§ **Exercise directions**
Set down the full listing below word for word; pictures stay out of the copy.

§ **Material provided**
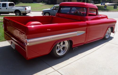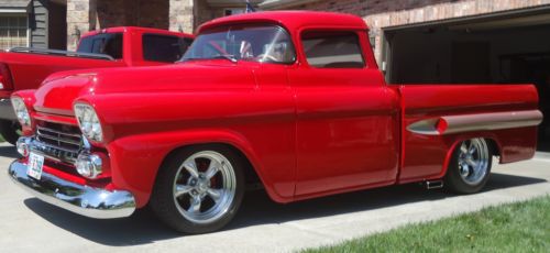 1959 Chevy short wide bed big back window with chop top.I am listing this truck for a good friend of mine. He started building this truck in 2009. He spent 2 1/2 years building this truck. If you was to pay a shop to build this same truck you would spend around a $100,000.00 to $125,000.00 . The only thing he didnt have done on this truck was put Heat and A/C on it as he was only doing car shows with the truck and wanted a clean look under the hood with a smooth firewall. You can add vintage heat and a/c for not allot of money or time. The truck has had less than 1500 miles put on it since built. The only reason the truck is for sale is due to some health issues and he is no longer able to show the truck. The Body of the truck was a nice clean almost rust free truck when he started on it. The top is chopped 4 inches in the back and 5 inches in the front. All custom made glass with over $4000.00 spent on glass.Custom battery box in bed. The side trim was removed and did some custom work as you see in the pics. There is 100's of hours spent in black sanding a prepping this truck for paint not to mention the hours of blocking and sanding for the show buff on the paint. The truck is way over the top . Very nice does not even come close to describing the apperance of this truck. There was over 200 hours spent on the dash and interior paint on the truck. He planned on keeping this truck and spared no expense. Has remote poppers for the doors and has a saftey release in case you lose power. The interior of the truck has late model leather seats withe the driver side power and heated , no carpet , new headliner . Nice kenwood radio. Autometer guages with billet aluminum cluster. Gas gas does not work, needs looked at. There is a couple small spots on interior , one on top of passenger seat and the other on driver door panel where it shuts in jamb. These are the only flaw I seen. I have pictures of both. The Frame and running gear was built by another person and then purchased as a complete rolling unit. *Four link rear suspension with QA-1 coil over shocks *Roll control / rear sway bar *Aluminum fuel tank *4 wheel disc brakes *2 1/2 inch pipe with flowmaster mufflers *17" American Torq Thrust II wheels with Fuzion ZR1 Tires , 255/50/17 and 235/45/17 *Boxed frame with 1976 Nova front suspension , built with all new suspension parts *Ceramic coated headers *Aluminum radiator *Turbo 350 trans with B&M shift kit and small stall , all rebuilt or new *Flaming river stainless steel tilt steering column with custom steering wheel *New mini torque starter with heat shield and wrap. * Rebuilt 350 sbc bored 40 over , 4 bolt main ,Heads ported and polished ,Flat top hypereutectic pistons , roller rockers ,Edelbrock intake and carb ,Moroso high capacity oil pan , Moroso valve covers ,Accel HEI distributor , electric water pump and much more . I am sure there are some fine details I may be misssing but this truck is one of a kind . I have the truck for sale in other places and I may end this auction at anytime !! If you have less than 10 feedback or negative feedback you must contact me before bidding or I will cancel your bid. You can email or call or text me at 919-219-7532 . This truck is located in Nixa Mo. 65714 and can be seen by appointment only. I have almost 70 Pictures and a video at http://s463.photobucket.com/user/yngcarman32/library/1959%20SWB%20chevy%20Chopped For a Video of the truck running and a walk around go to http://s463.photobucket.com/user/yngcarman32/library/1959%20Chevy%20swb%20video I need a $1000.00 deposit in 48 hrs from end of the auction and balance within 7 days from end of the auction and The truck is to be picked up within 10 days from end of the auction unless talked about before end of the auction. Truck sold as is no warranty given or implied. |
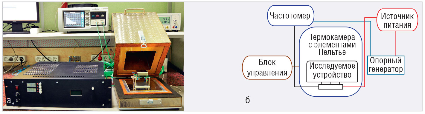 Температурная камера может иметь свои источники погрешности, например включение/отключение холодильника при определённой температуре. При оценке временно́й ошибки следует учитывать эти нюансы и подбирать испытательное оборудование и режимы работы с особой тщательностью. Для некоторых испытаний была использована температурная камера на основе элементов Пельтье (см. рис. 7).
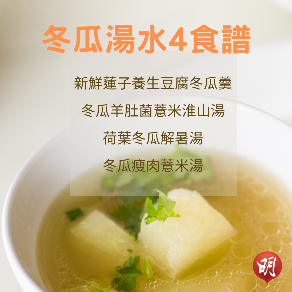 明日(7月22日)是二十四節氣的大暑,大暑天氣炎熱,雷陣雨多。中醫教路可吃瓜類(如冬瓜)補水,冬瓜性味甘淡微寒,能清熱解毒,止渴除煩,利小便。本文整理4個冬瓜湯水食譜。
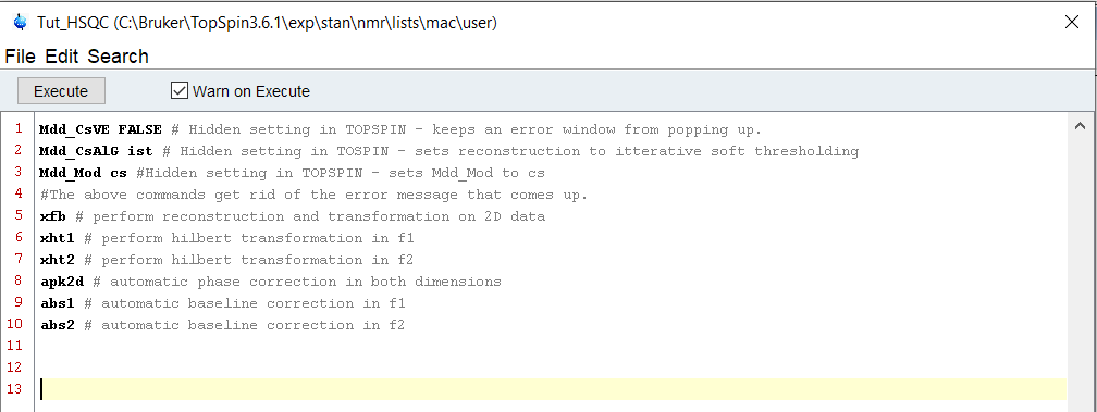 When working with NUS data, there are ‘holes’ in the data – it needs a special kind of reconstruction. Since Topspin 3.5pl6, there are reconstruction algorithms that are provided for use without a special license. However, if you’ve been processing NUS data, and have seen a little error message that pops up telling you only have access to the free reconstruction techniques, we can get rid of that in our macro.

§ **Problem solution**
 1959 Chevy short wide bed big back window with chop top.I am listing this truck for a good friend of mine. He started building this truck in 2009. He spent 2 1/2 years building this truck. If you was to pay a shop to build this same truck you would spend around a $100,000.00 to $125,000.00 . The only thing he didnt have done on this truck was put Heat and A/C on it as he was only doing car shows with the truck and wanted a clean look under the hood with a smooth firewall. You can add vintage heat and a/c for not allot of money or time. The truck has had less than 1500 miles put on it since built. The only reason the truck is for sale is due to some health issues and he is no longer able to show the truck. The Body of the truck was a nice clean almost rust free truck when he started on it. The top is chopped 4 inches in the back and 5 inches in the front. All custom made glass with over $4000.00 spent on glass.Custom battery box in bed. The side trim was removed and did some custom work as you see in the pics. There is 100's of hours spent in black sanding a prepping this truck for paint not to mention the hours of blocking and sanding for the show buff on the paint. The truck is way over the top . Very nice does not even come close to describing the apperance of this truck. There was over 200 hours spent on the dash and interior paint on the truck. He planned on keeping this truck and spared no expense. Has remote poppers for the doors and has a saftey release in case you lose power. The interior of the truck has late model leather seats withe the driver side power and heated , no carpet , new headliner . Nice kenwood radio. Autometer guages with billet aluminum cluster. Gas gas does not work, needs looked at. There is a couple small spots on interior , one on top of passenger seat and the other on driver door panel where it shuts in jamb. These are the only flaw I seen. I have pictures of both. The Frame and running gear was built by another person and then purchased as a complete rolling unit. *Four link rear suspension with QA-1 coil over shocks *Roll control / rear sway bar *Aluminum fuel tank *4 wheel disc brakes *2 1/2 inch pipe with flowmaster mufflers *17" American Torq Thrust II wheels with Fuzion ZR1 Tires , 255/50/17 and 235/45/17 *Boxed frame with 1976 Nova front suspension , built with all new suspension parts *Ceramic coated headers *Aluminum radiator *Turbo 350 trans with B&M shift kit and small stall , all rebuilt or new *Flaming river stainless steel tilt steering column with custom steering wheel *New mini torque starter with heat shield and wrap. * Rebuilt 350 sbc bored 40 over , 4 bolt main ,Heads ported and polished ,Flat top hypereutectic pistons , roller rockers ,Edelbrock intake and carb ,Moroso high capacity oil pan , Moroso valve covers ,Accel HEI distributor , electric water pump and much more . I am sure there are some fine details I may be misssing but this truck is one of a kind . I have the truck for sale in other places and I may end this auction at anytime !! If you have less than 10 feedback or negative feedback you must contact me before bidding or I will cancel your bid. You can email or call or text me at 919-219-7532 . This truck is located in Nixa Mo. 65714 and can be seen by appointment only. I have almost 70 Pictures and a video at http://s463.photobucket.com/user/yngcarman32/library/1959%20SWB%20chevy%20Chopped For a Video of the truck running and a walk around go to http://s463.photobucket.com/user/yngcarman32/library/1959%20Chevy%20swb%20video I need a $1000.00 deposit in 48 hrs from end of the auction and balance within 7 days from end of the auction and The truck is to be picked up within 10 days from end of the auction unless talked about before end of the auction. Truck sold as is no warranty given or implied. |
 Температурная камера может иметь свои источники погрешности, например включение/отключение холодильника при определённой температуре. При оценке временно́й ошибки следует учитывать эти нюансы и подбирать испытательное оборудование и режимы работы с особой тщательностью. Для некоторых испытаний была использована температурная камера на основе элементов Пельтье (см. рис. 7).
 明日(7月22日)是二十四節氣的大暑,大暑天氣炎熱,雷陣雨多。中醫教路可吃瓜類(如冬瓜)補水,冬瓜性味甘淡微寒,能清熱解毒,止渴除煩,利小便。本文整理4個冬瓜湯水食譜。
 When working with NUS data, there are ‘holes’ in the data – it needs a special kind of reconstruction. Since Topspin 3.5pl6, there are reconstruction algorithms that are provided for use without a special license. However, if you’ve been processing NUS data, and have seen a little error message that pops up telling you only have access to the free reconstruction techniques, we can get rid of that in our macro.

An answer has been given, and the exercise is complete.